Verbatim copy without images: repeat the records in full.

Segment Start: RECORDED INFORMATION

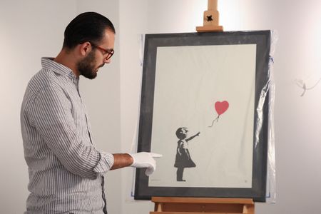 The “Girl with Balloon” first appeared on the streets of London’s Shoreditch neighbourhood in 2002, with Banksy creating versions of the painting on London’s South Bank in 2004 and at Israel’s barrier at the West Bank in 2005.
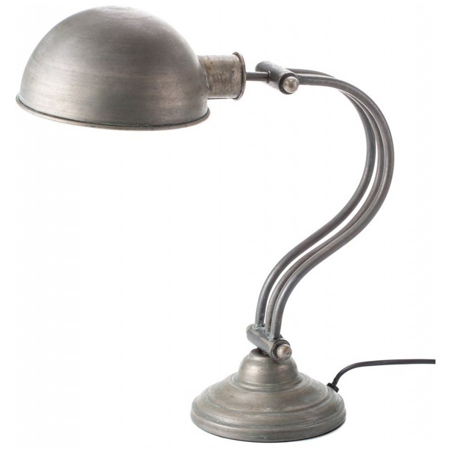 Lampa Mazine to lampa industrialna o ładnym kształcie i metalicznym kolorze, przeznaczona do postawienia na biurko.
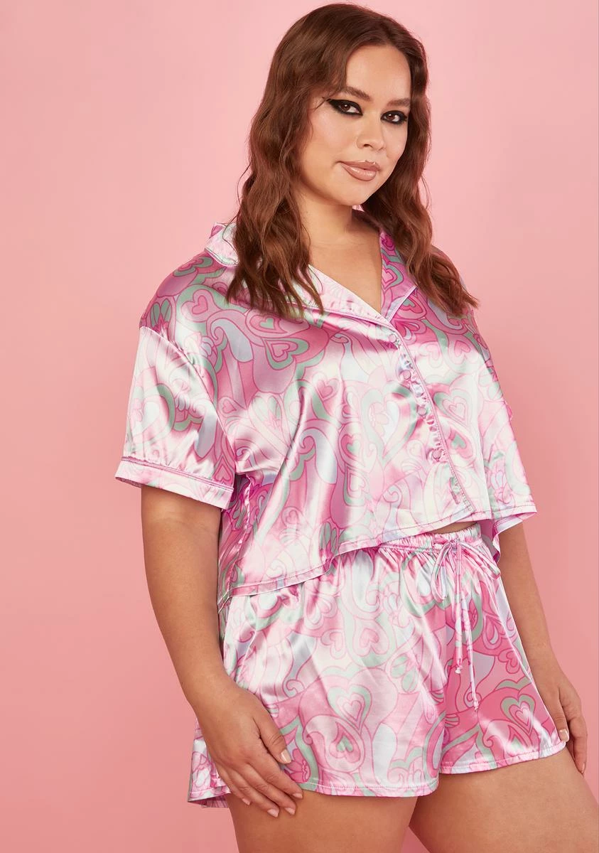 cuz groovy or not, here I come! Look happening in this pajama set that comes in a satin construction, with a button up short sleeve top, collared neckline, matching shorts, with an elastic waistband, tie waist closure, and a swirl heart print all over.
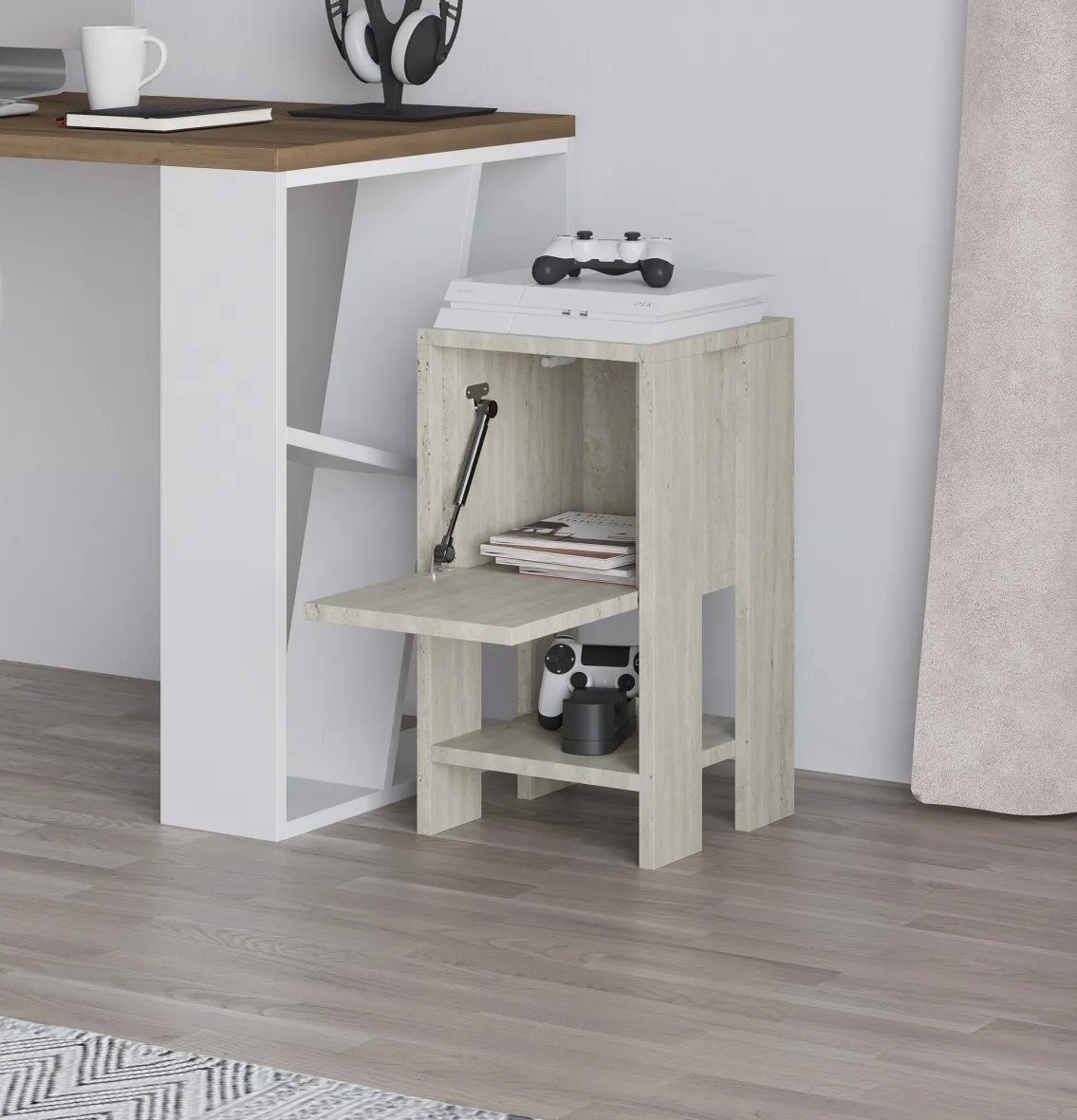 Dispunând de un sertar pivotant spațios, noptiera oferă un spațiu amplu de depozitare pentru lucrurile esențiale. Dimensiunea sertarului de 30 cm lățime, 27 cm înălțime și 30 cm adâncime permite organizarea ordonată a obiectelor, păstrând noptiera fără dezordine.
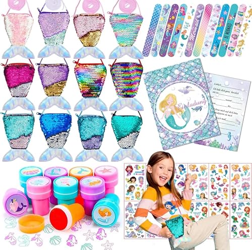 zycBernoi Meerjungfrau Kindergeburtstag Party Mitgebsel Set,12 Einladungskarten, Meerjungfrau Pailletten Geldbörse, Slap Armbänder, Tattoos und Briefmarke usw Perfekt für Kinder Party Kinder
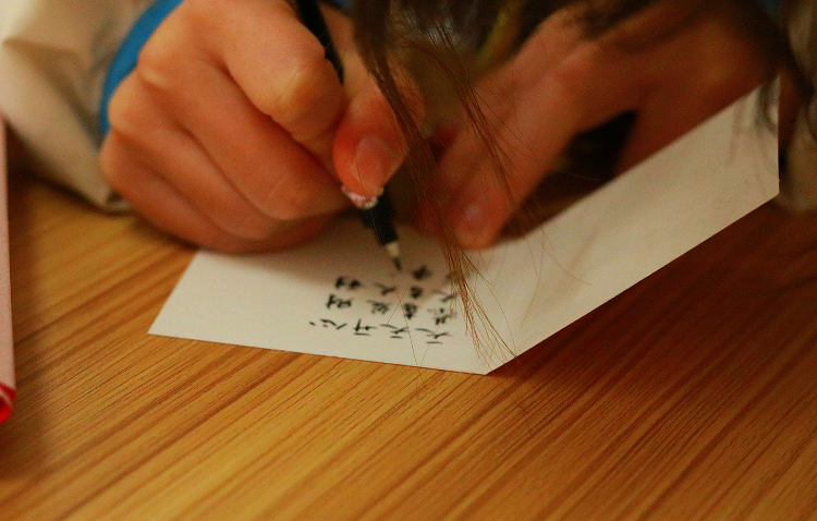 学生还将对学校及老师的新年祝福写在了贺卡上,将心意“折现”。
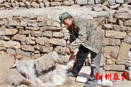 岢嵐縣西豹峪鄉(xiāng)謝家坪村農(nóng)民王占財,通過十多年努力,成為當(dāng)?shù)剡h(yuǎn)近聞名的養(yǎng)羊大戶。目前,他共飼養(yǎng)了240 余只晉嵐絨山羊,在每年三、四月份的抓絨期,便可收入20000余元。圖為他在抓絨。(李俊武 攝)
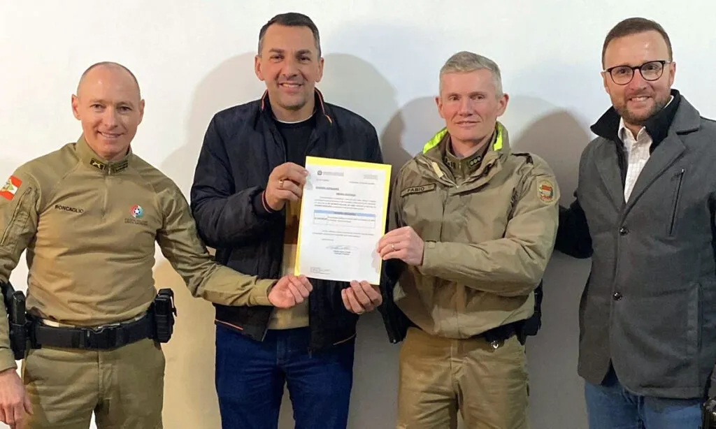 Nesta quarta-feira (11), o comandante do 36º Batalhão de Polícia Militar de Dionísio Cerqueira, recebeu na sede policial a visita do prefeito em exercício Alcir Sawaris, e do Coordenador Regional do MDB, Eduardo Bertoldi, para confirmação da destinação de uma emenda parlamentar no valor de R$300.000,00, voltada à pavimentação completa do pátio do batalhão.
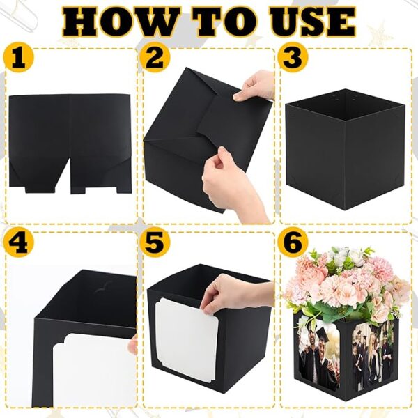 - Suitable Size and Adequate Amount: this package contains 6 black graduation photo boxes, sufficient quantity, ideal for decorating your graduation party; Each measures 9.05 x 7.08 x 7.08 inches/ 23 x 18x 18 cm, Suitable for 6×4,7×5 inch photos, showcasing those Learning era moments
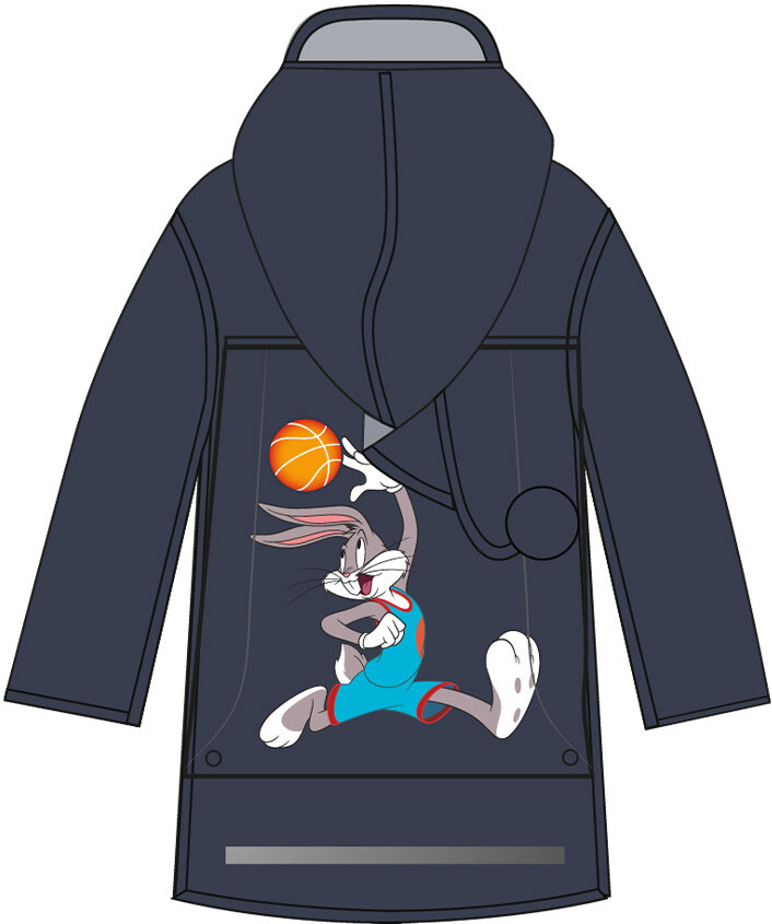 Дождевик детский с козырьком с BUGS BUNNY (Багз Банни) для мальчика. Застежка на кнопки. Материал ЭВА. Без подкладки. Модель имеет спереди два накладных кармана с клапаном. Сзади имеется объемный клапан на кнопках для изменения объема плаща под рюкзак. Есть светоотражающие элементы спереди и сзади. Добавлена петелька под капюшоном с внешней стороны, чтобы остальные вещи на вешалке не намокали. Модель идеально сочетается с резиновым сапогам и зонтом из коллекции. В комплекте идет непромокаемая сумочка
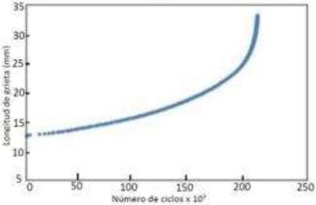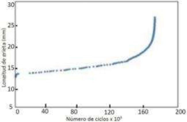 Las gráficas mostradas en las figuras 8 y 9, ilustran las curvas de longitud de grieta en función del número de ciclos en fatiga (N), para las muestras ensayadas sin soldadura y con cordón de soldadura respectivamente, ambas obtenidas de los datos provenientes de los ensayos de mecánica de fractura realizados. Conviene destacar que en el caso de las probetas sin soldadura los valores de tamaño de grieta son mayores, (cercanos a 35 mm) respecto a los que se muestran en el caso de las piezas con cordón de soldadura. Una explicación al respecto se puede encontrar en la interpretación de las curvas de las figuras 10 y 11.

Segment End: RECORDED INFORMATION

(THE COMPLETED TASK):
 The “Girl with Balloon” first appeared on the streets of London’s Shoreditch neighbourhood in 2002, with Banksy creating versions of the painting on London’s South Bank in 2004 and at Israel’s barrier at the West Bank in 2005.
 Lampa Mazine to lampa industrialna o ładnym kształcie i metalicznym kolorze, przeznaczona do postawienia na biurko.
 cuz groovy or not, here I come! Look happening in this pajama set that comes in a satin construction, with a button up short sleeve top, collared neckline, matching shorts, with an elastic waistband, tie waist closure, and a swirl heart print all over.
 Dispunând de un sertar pivotant spațios, noptiera oferă un spațiu amplu de depozitare pentru lucrurile esențiale. Dimensiunea sertarului de 30 cm lățime, 27 cm înălțime și 30 cm adâncime permite organizarea ordonată a obiectelor, păstrând noptiera fără dezordine.
 zycBernoi Meerjungfrau Kindergeburtstag Party Mitgebsel Set,12 Einladungskarten, Meerjungfrau Pailletten Geldbörse, Slap Armbänder, Tattoos und Briefmarke usw Perfekt für Kinder Party Kinder
 学生还将对学校及老师的新年祝福写在了贺卡上,将心意“折现”。
 岢嵐縣西豹峪鄉(xiāng)謝家坪村農(nóng)民王占財,通過十多年努力,成為當(dāng)?shù)剡h(yuǎn)近聞名的養(yǎng)羊大戶。目前,他共飼養(yǎng)了240 余只晉嵐絨山羊,在每年三、四月份的抓絨期,便可收入20000余元。圖為他在抓絨。(李俊武 攝)
 Nesta quarta-feira (11), o comandante do 36º Batalhão de Polícia Militar de Dionísio Cerqueira, recebeu na sede policial a visita do prefeito em exercício Alcir Sawaris, e do Coordenador Regional do MDB, Eduardo Bertoldi, para confirmação da destinação de uma emenda parlamentar no valor de R$300.000,00, voltada à pavimentação completa do pátio do batalhão.
 - Suitable Size and Adequate Amount: this package contains 6 black graduation photo boxes, sufficient quantity, ideal for decorating your graduation party; Each measures 9.05 x 7.08 x 7.08 inches/ 23 x 18x 18 cm, Suitable for 6×4,7×5 inch photos, showcasing those Learning era moments
 Дождевик детский с козырьком с BUGS BUNNY (Багз Банни) для мальчика. Застежка на кнопки. Материал ЭВА. Без подкладки. Модель имеет спереди два накладных кармана с клапаном. Сзади имеется объемный клапан на кнопках для изменения объема плаща под рюкзак. Есть светоотражающие элементы спереди и сзади. Добавлена петелька под капюшоном с внешней стороны, чтобы остальные вещи на вешалке не намокали. Модель идеально сочетается с резиновым сапогам и зонтом из коллекции. В комплекте идет непромокаемая сумочка
 Las gráficas mostradas en las figuras 8 y 9, ilustran las curvas de longitud de grieta en función del número de ciclos en fatiga (N), para las muestras ensayadas sin soldadura y con cordón de soldadura respectivamente, ambas obtenidas de los datos provenientes de los ensayos de mecánica de fractura realizados. Conviene destacar que en el caso de las probetas sin soldadura los valores de tamaño de grieta son mayores, (cercanos a 35 mm) respecto a los que se muestran en el caso de las piezas con cordón de soldadura. Una explicación al respecto se puede encontrar en la interpretación de las curvas de las figuras 10 y 11.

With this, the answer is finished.